I am open to all sorts of communication, telepathy, symbolism, words (spoken and written), tones and pitches in speech, images, and spiritual notions. I felt that this man might have something worth investigating, so I pursued it later in my head. Already I had been having discussions of mass-less fantasy creatures in fantasy stories so I was shaped for fitting through the narrow gates that led me to physics and gravity and magnets; attraction and repulsion.

A long time ago, I used to drink to oblivion when my PTSD got too much for me. I would drink for a few days just seeking unconsciousness. Eventually, I was temporarily 'healed' (?) and I stopped drinking. I always had money left and had food and stuff; it was just a alcohol-driven mental holiday. When you have spent a few days drunk, and only drunk, suddenly stopping drinking is dangerous. You have developed a physiological addiction and 'cold turkey' withdrawal is coming, and it is coming hard.

I could operate well after a day or so after the initial shaking and no sleep for three days and nights. One day though about a week after coming off the alcohol, I was in the local library writing some JavaScript code for my website and I thought I could hear an American radio show advertisement playing over and over again. Clearly, a bit of psychosis or auditory hallucination. The electric fans in the library were on because it was a warm Summer.

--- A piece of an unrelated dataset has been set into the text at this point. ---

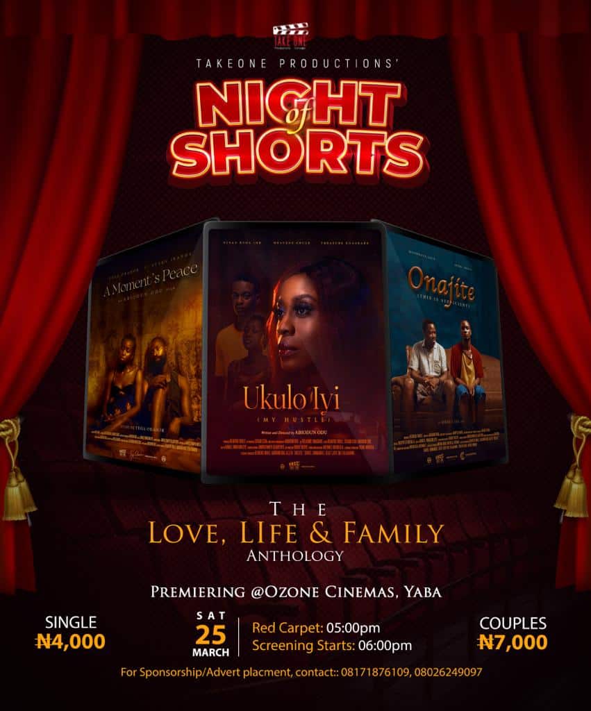 Take One Productions, a full-service media production company, is pleased to announce “Night of Shorts,” a film screening event featuring the works of up and coming filmmakers, on March 25th, 2023 at Ozone cinemas Yaba.
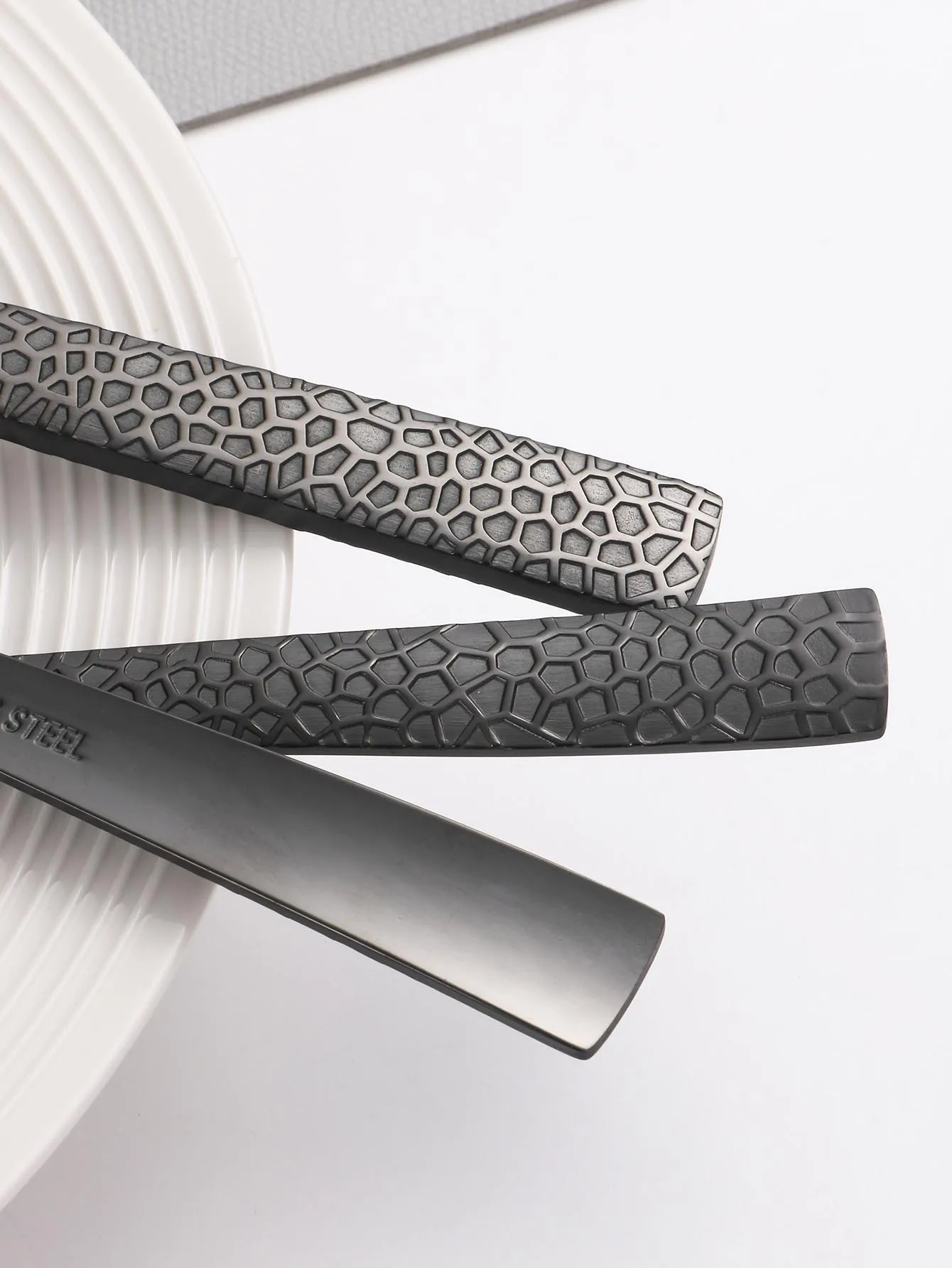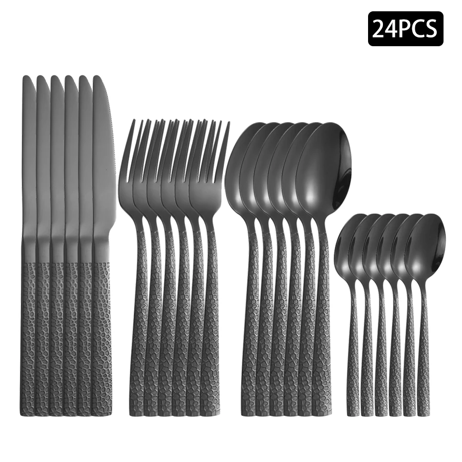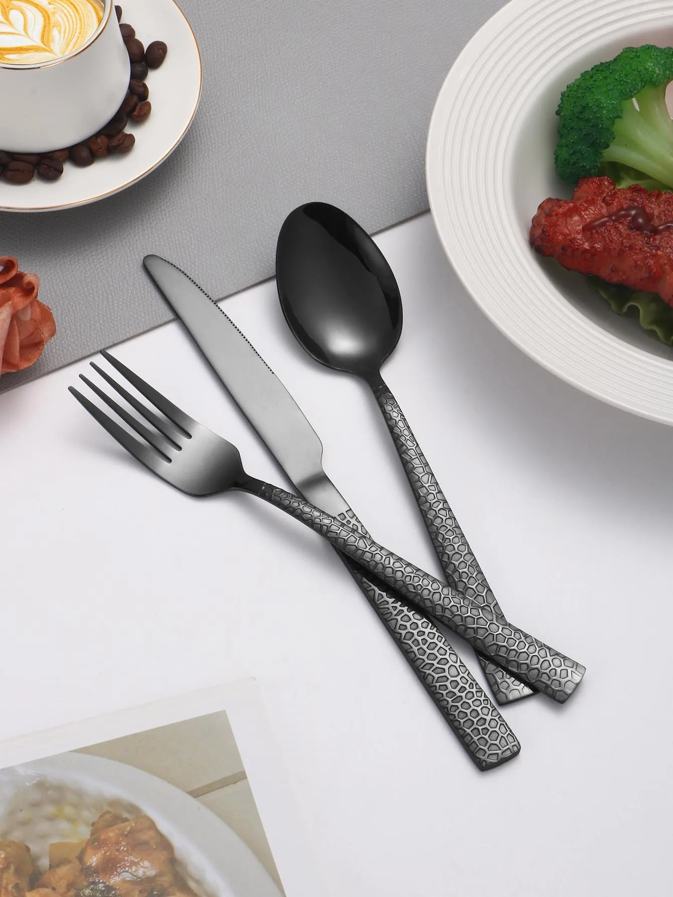 4/6/16/24 pezzi Set di posate nere in acciaio inossidabile Posate in pelle di serpente con manico quadrato Combinazione di coltelli, forchette e cucchiai per uso domestico

I left the library and the American radio advert faded. 'Phew! that was nasty!' The library was in a cul-de-sac with no cars. When I got to a road with cars going along it, I noticed that the American radio advert came back in my head, got louder as they approached and faded as they passed away. Quickly, I sought an area away from roads, and sure enough where there were no induction motors or generators there were no American radio adverts in my head. I stored that episode in my memory. It has never happened again. However, in my tent in the woods and away from the roads I could hear the telephone wires nearby throbbing but not as a pulse, more as though they were sending Morse code. I thought at the time that the worlds power lines would make a good antenna for sending messages to alien ships in space or distress calls or something. I don't drink like that any more. With a creative mind though, the 'trips' were entertaining. I think it is more to do with sleep deprivation than the poisonous metabolised alcohol enzyme, acetaldehyde, which is then further metabolised into less harmful substances. You know, no dreaming means you 'trip' while you are awake. My jury is out on that because I am only a guinea-pig in my own laboratory.

Having recently been involved in discussions on fantasy creatures and mass; and having the experience of seemingly hearing electrical devices that give off either superfluous harmonics or electro-magetic fields; and understanding how gravity works to attract bodies of mass together; and learning that there is a type of fox that has to dive through snow to get to voles or small creatures which has a greater success rate when it aligns itself North Westerly; and learning that, that fox has a special protein in its eyes to be able to 'see' the Earth's magnetic field to align itself appropriately; when this man spoke of authenticity coming from the mass of someone, naturally I was intrigued.

Unfortunately, the man's shop manager came out to intimidate me because he was told by a young shop assistant that I was harassing the man with a weird idea. It wasn't me who started that conversation and I was only saying, 'Go on, I am intrigued' and 'I could argue that.' Do I give off something that makes people wary of me. I have been told that I also can be intimidating.

So, I gave the man my card and said 'Contact me because I want to continue this discussion.' He hasn't. Such a loss!

I am both fey and silly enough to believe that the shop manager is influenced by a malevolent spirit and has spiritually removed the man's tongue or his memory of talking to me, as he whipped my card from his hand. He might work for an intelligence agency. If I don't see the man again, it might be because they took him to work at GCHQ. Oooh! I hope so!